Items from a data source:
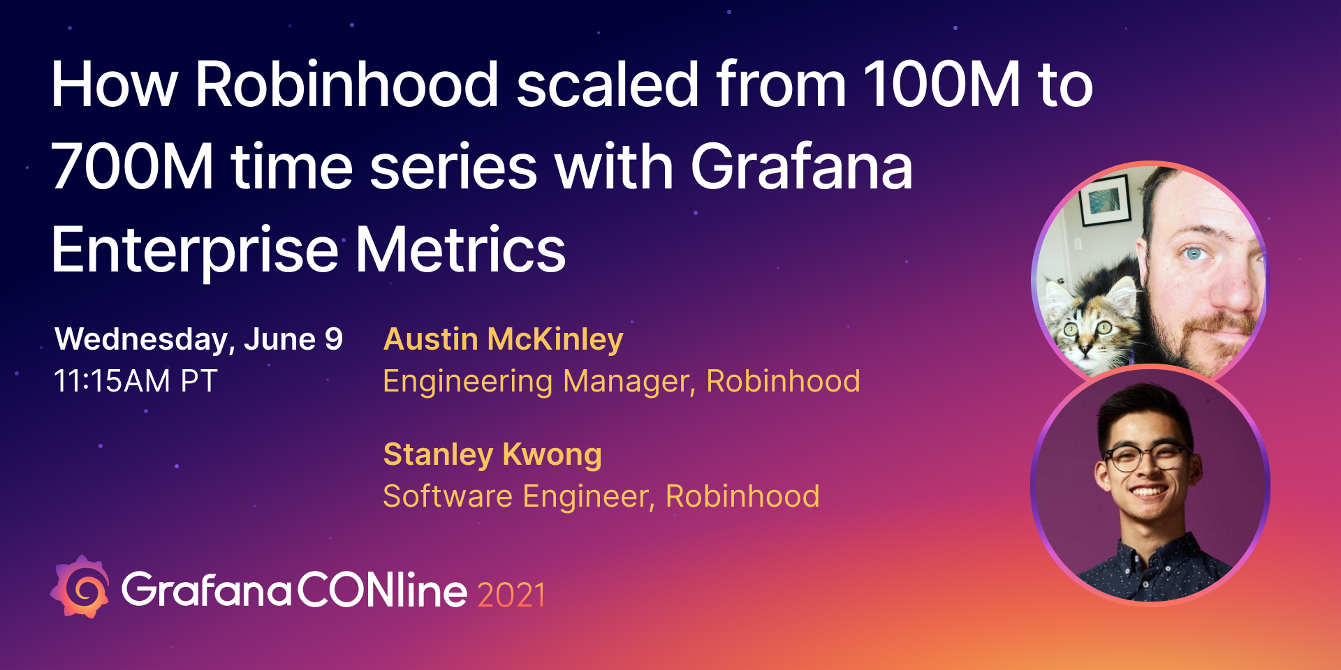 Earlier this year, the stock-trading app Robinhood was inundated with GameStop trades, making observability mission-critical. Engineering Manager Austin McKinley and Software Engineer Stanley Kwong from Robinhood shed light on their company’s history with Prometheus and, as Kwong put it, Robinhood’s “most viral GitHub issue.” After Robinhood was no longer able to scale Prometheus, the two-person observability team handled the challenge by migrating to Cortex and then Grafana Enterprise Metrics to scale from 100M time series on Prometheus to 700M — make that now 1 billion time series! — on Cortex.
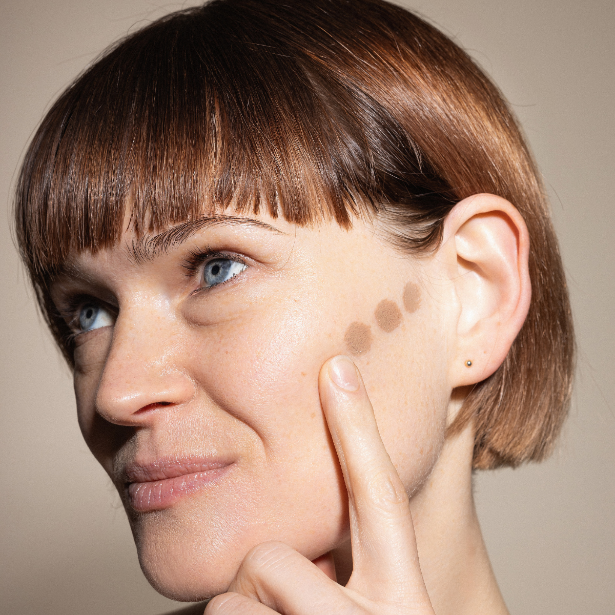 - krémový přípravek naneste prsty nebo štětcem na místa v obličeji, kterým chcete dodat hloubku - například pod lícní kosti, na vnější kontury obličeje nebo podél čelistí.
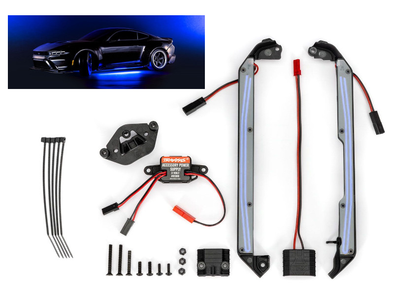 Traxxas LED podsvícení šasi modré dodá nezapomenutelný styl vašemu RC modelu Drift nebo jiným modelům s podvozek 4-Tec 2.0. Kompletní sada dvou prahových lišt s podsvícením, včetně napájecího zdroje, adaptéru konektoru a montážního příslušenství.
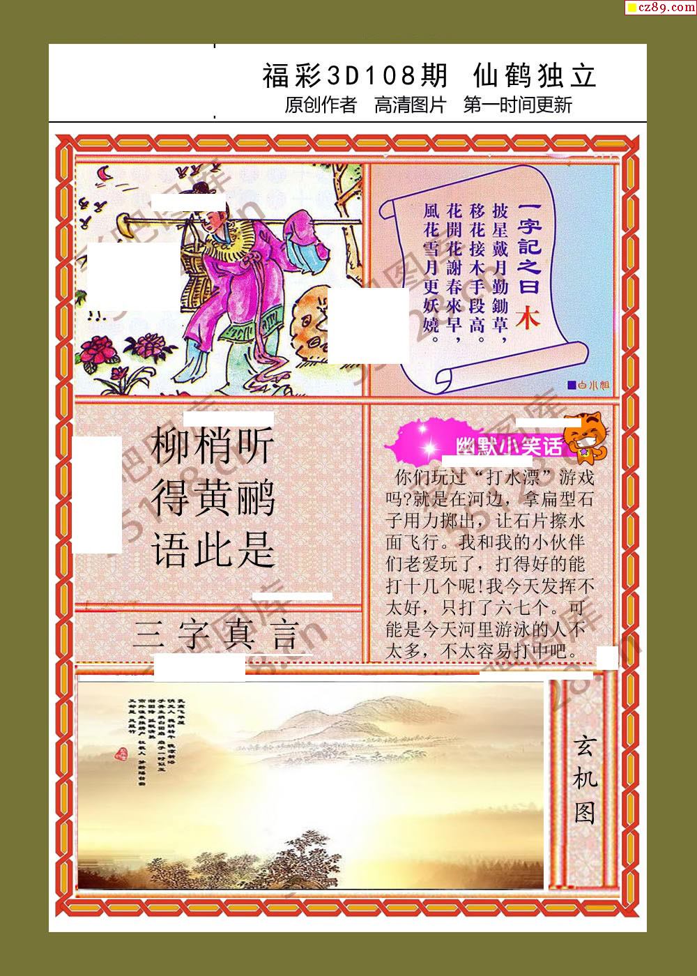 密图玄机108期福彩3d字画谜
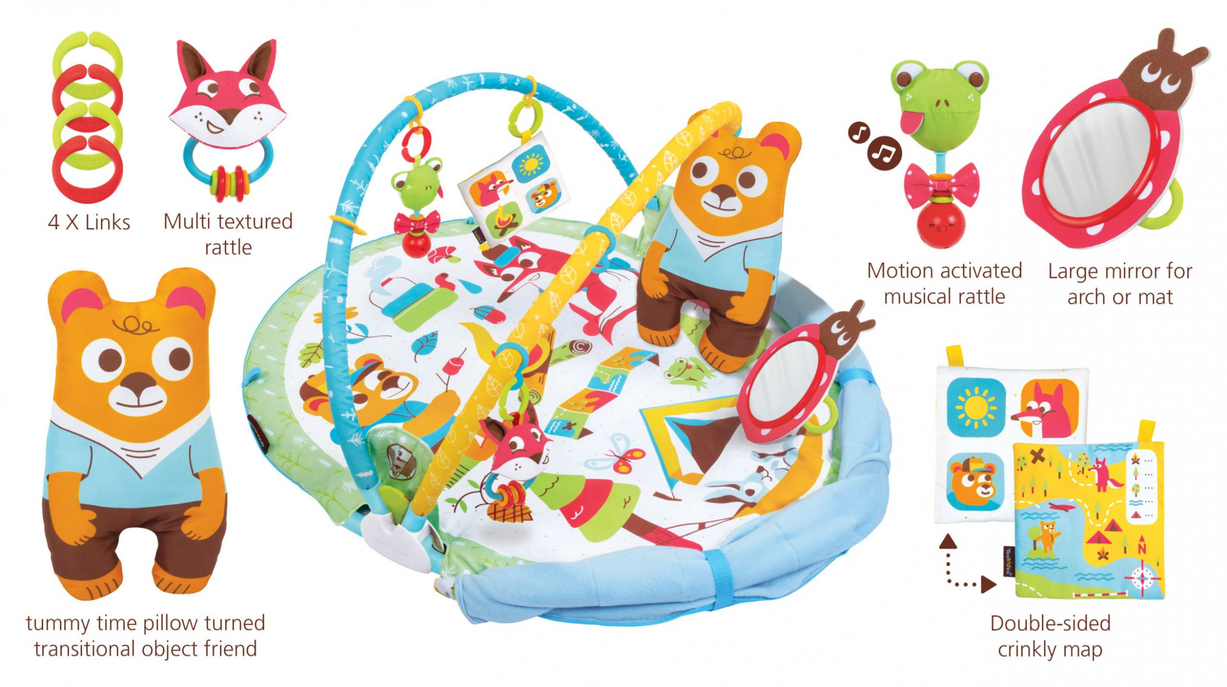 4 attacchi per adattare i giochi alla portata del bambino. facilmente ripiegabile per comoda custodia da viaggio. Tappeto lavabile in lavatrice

WORK INSTRUCTIONS:
When you copy the entries above, reproduce each line exactly and leave out any pictures.

RESPONSE FOR THIS EXERCISE:
 Earlier this year, the stock-trading app Robinhood was inundated with GameStop trades, making observability mission-critical. Engineering Manager Austin McKinley and Software Engineer Stanley Kwong from Robinhood shed light on their company’s history with Prometheus and, as Kwong put it, Robinhood’s “most viral GitHub issue.” After Robinhood was no longer able to scale Prometheus, the two-person observability team handled the challenge by migrating to Cortex and then Grafana Enterprise Metrics to scale from 100M time series on Prometheus to 700M — make that now 1 billion time series! — on Cortex.
 - krémový přípravek naneste prsty nebo štětcem na místa v obličeji, kterým chcete dodat hloubku - například pod lícní kosti, na vnější kontury obličeje nebo podél čelistí.
 Traxxas LED podsvícení šasi modré dodá nezapomenutelný styl vašemu RC modelu Drift nebo jiným modelům s podvozek 4-Tec 2.0. Kompletní sada dvou prahových lišt s podsvícením, včetně napájecího zdroje, adaptéru konektoru a montážního příslušenství.
 密图玄机108期福彩3d字画谜
 4 attacchi per adattare i giochi alla portata del bambino. facilmente ripiegabile per comoda custodia da viaggio. Tappeto lavabile in lavatrice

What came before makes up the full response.